> [TASK]
Write out the records that appear below, verbatim and complete, but without pictures.

> [THE DATA]
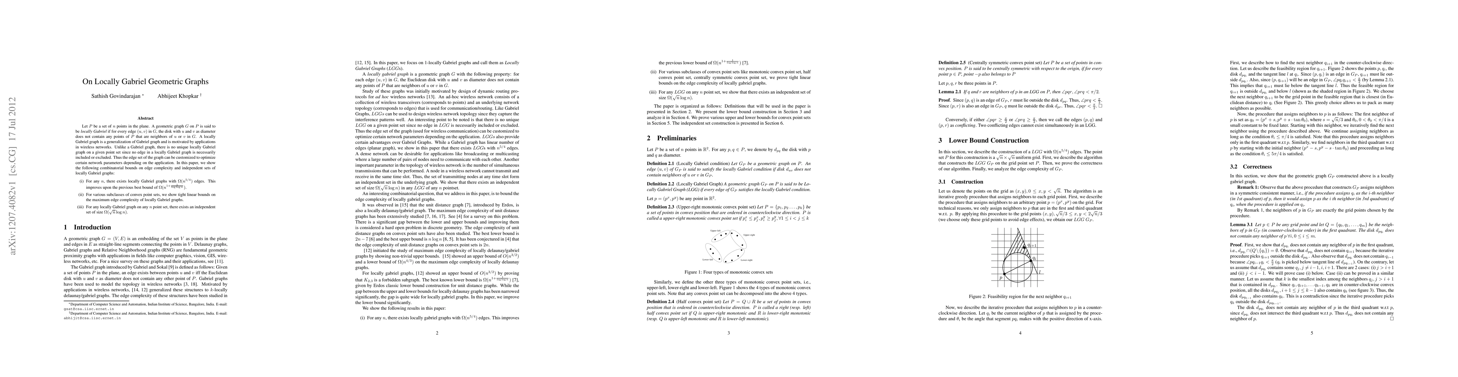 Let $P$ be a set of $n$ points in the plane. A geometric graph $G$ on $P$ is said to be {\it locally Gabriel} if for every edge $(u,v)$ in $G$, the disk with $u$ and $v$ as diameter does not contain any points of $P$ that are neighbors of $u$ or $v$ in $G$. A locally Gabriel graph is a generalization of Gabriel graph and is motivated by applications in wireless networks. Unlike a Gabriel graph, there is no unique locally Gabriel graph on a given point set since no edge in a locally Gabriel graph is necessarily included or excluded. Thus the edge set of the graph can be customized to optimize certain network parameters depending on the application. In this paper, we show the following combinatorial bounds on edge complexity and independent sets of locally Gabriel graphs: (i) For any $n$, there exists locally Gabriel graphs with $\Omega(n^{5/4})$ edges. This improves upon the previous best bound of $\Omega(n^{1+\frac{1}{\log \log n}})$. (ii) For various subclasses of convex point sets, we show tight linear bounds on the maximum edge complexity of locally Gabriel graphs. (iii) For any locally Gabriel graph on any $n$ point set, there exists an independent set of size $\Omega(\sqrt{n}\log n)$.
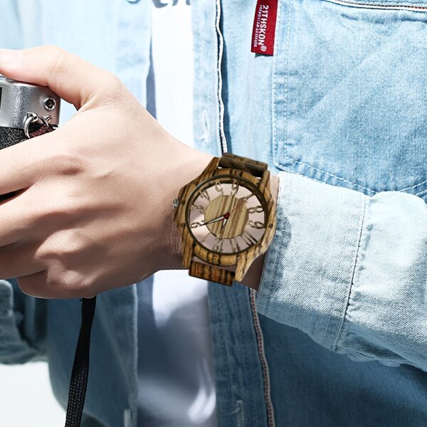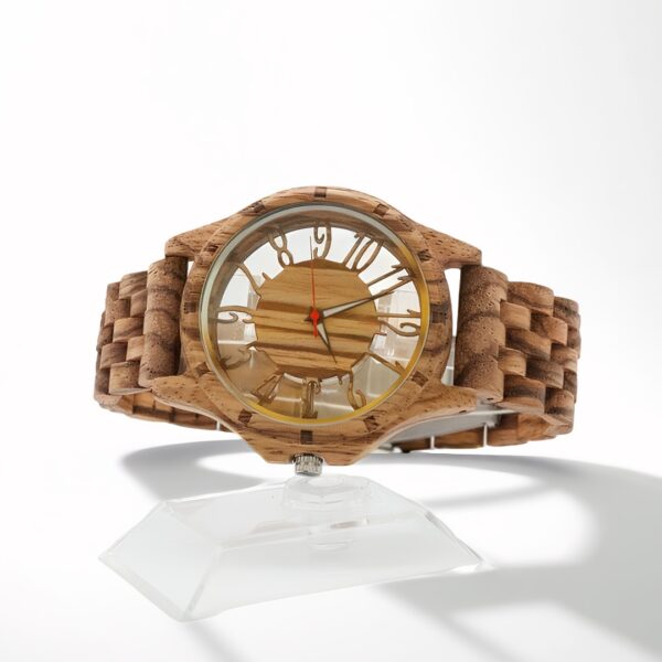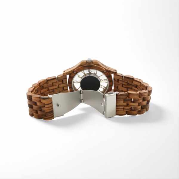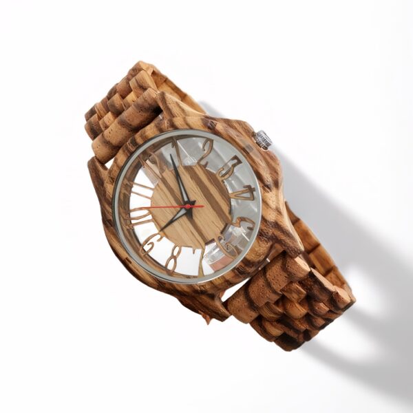 - خشب الزيبرا الطبيعي الأصيل: مصنوعة يدوياً بالكامل من خشب الزيبرا الفاخر، مع علبة وسوار يتميزان بأنماط حبيبات خشبية فريدة لكل ساعة، مما يضمن لك قطعة فنية لا تتكرر. تمنحك إحساساً بالدفء والأصالة لا مثيل له.
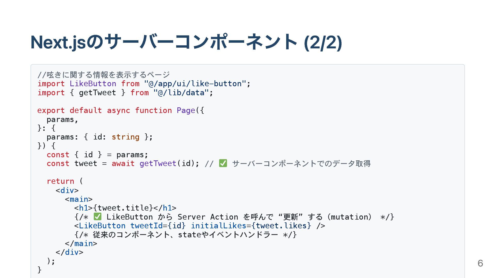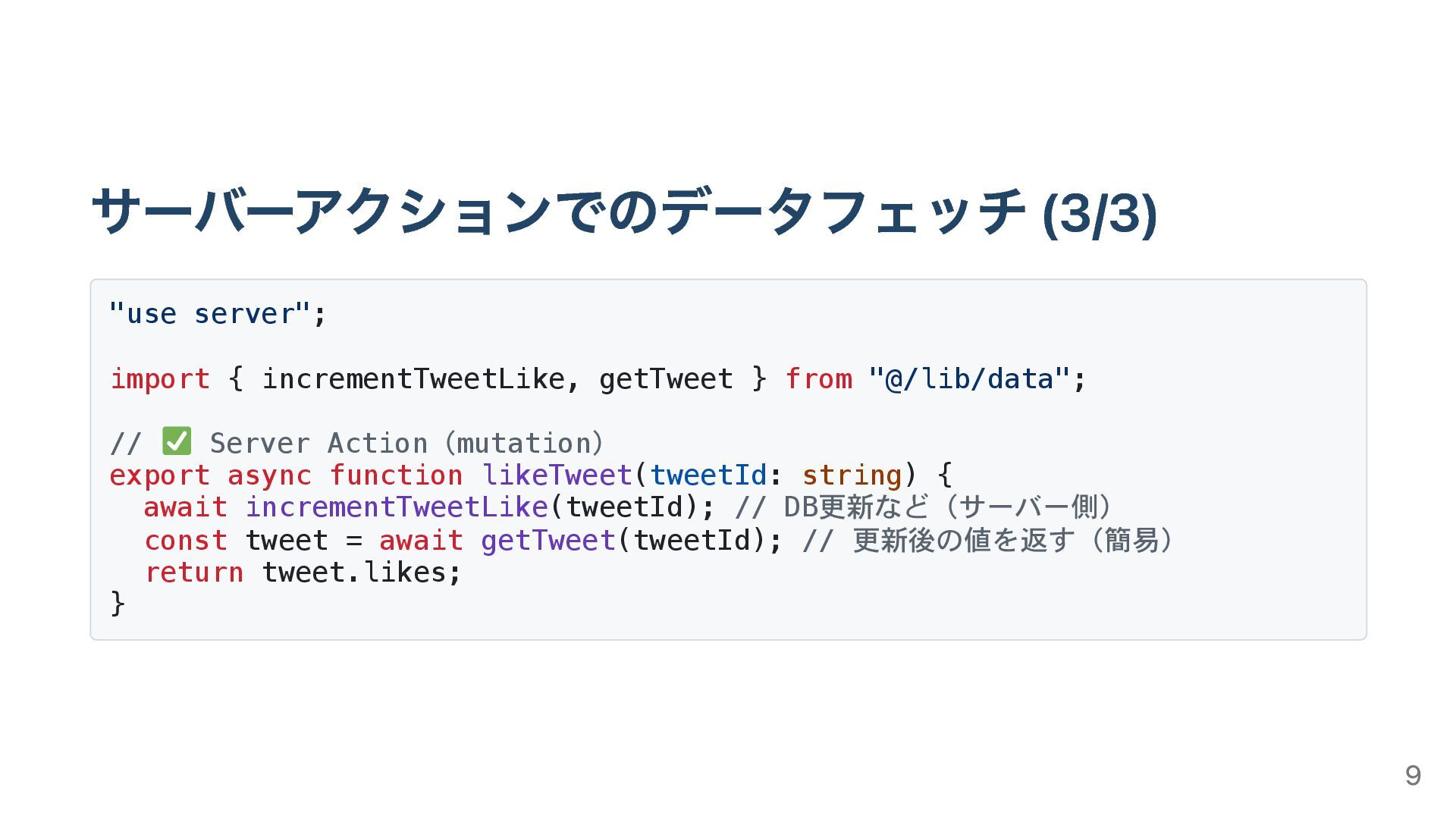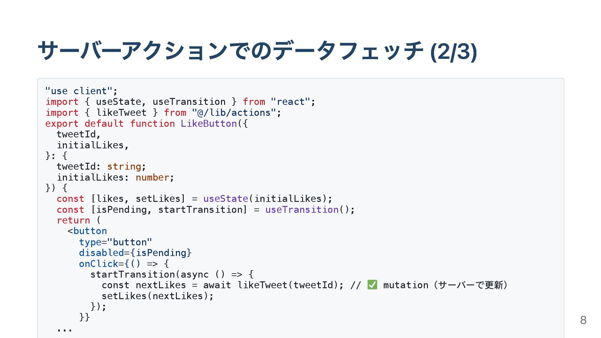 "react"; import { likeTweet } from "@/lib/actions"; export default function LikeButton({ tweetId, initialLikes, }: { tweetId: string; initialLikes: number; }) { const [likes, setLikes] = useState(initialLikes); const [isPending, startTransition] = useTransition(); return ( <button type="button" disabled={isPending} onClick={() => { startTransition(async () => { const nextLikes = await likeTweet(tweetId); // mutation(サーバーで更新) setLikes(nextLikes); }); }} ... 8
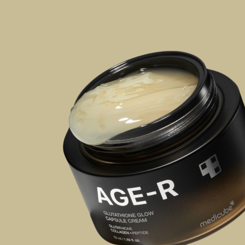 Medicube - AGE-R Glutathione Glow Cream - krem o działaniu przeciwstarzeniowym przeznaczony do codziennej pielęgnacji twarzy. Zawarty w kosmetyku glutation to silny antyoksydant, który dzięki zawartości siarki zmniejszy ilość wydzielanego sebum przez gruczoły łojowe, zniweluje szkodliwe działanie wolnych rodników oraz przyspieszy regenerację komórek naskórka. Dodatek niacynamidu zmniejszy stany zapalne i widoczność rozszerzonych porów, a także zapobiegnie powstawaniu przebarwień. Występujące w kremie peptydy poprawią poziom nawilżenia skóry, a ceramid NP jako składnik cementu międzykomórkowego odbuduje oraz wzmocni barierę hydrolipidową naskórka. Natomiast kolagen, który jest naturalnym budulcem występujący w tkankach, poprawi jędrność i elastyczność skóry, a także wypełni drobne zmarszczki.
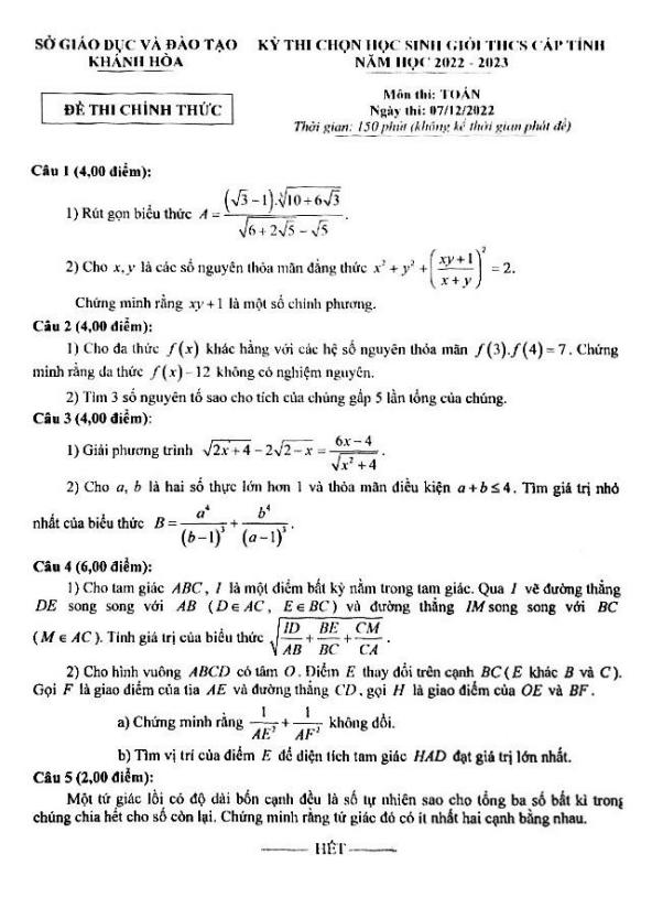 Đề học sinh giỏi cấp tỉnh Toán THCS năm 2022 – 2023 sở GD&ĐT Khánh Hòa

> [RESPONSE BELOW]
 Let $P$ be a set of $n$ points in the plane. A geometric graph $G$ on $P$ is said to be {\it locally Gabriel} if for every edge $(u,v)$ in $G$, the disk with $u$ and $v$ as diameter does not contain any points of $P$ that are neighbors of $u$ or $v$ in $G$. A locally Gabriel graph is a generalization of Gabriel graph and is motivated by applications in wireless networks. Unlike a Gabriel graph, there is no unique locally Gabriel graph on a given point set since no edge in a locally Gabriel graph is necessarily included or excluded. Thus the edge set of the graph can be customized to optimize certain network parameters depending on the application. In this paper, we show the following combinatorial bounds on edge complexity and independent sets of locally Gabriel graphs: (i) For any $n$, there exists locally Gabriel graphs with $\Omega(n^{5/4})$ edges. This improves upon the previous best bound of $\Omega(n^{1+\frac{1}{\log \log n}})$. (ii) For various subclasses of convex point sets, we show tight linear bounds on the maximum edge complexity of locally Gabriel graphs. (iii) For any locally Gabriel graph on any $n$ point set, there exists an independent set of size $\Omega(\sqrt{n}\log n)$.
 - خشب الزيبرا الطبيعي الأصيل: مصنوعة يدوياً بالكامل من خشب الزيبرا الفاخر، مع علبة وسوار يتميزان بأنماط حبيبات خشبية فريدة لكل ساعة، مما يضمن لك قطعة فنية لا تتكرر. تمنحك إحساساً بالدفء والأصالة لا مثيل له.
 "react"; import { likeTweet } from "@/lib/actions"; export default function LikeButton({ tweetId, initialLikes, }: { tweetId: string; initialLikes: number; }) { const [likes, setLikes] = useState(initialLikes); const [isPending, startTransition] = useTransition(); return ( <button type="button" disabled={isPending} onClick={() => { startTransition(async () => { const nextLikes = await likeTweet(tweetId); // mutation(サーバーで更新) setLikes(nextLikes); }); }} ... 8
 Medicube - AGE-R Glutathione Glow Cream - krem o działaniu przeciwstarzeniowym przeznaczony do codziennej pielęgnacji twarzy. Zawarty w kosmetyku glutation to silny antyoksydant, który dzięki zawartości siarki zmniejszy ilość wydzielanego sebum przez gruczoły łojowe, zniweluje szkodliwe działanie wolnych rodników oraz przyspieszy regenerację komórek naskórka. Dodatek niacynamidu zmniejszy stany zapalne i widoczność rozszerzonych porów, a także zapobiegnie powstawaniu przebarwień. Występujące w kremie peptydy poprawią poziom nawilżenia skóry, a ceramid NP jako składnik cementu międzykomórkowego odbuduje oraz wzmocni barierę hydrolipidową naskórka. Natomiast kolagen, który jest naturalnym budulcem występujący w tkankach, poprawi jędrność i elastyczność skóry, a także wypełni drobne zmarszczki.
 Đề học sinh giỏi cấp tỉnh Toán THCS năm 2022 – 2023 sở GD&ĐT Khánh Hòa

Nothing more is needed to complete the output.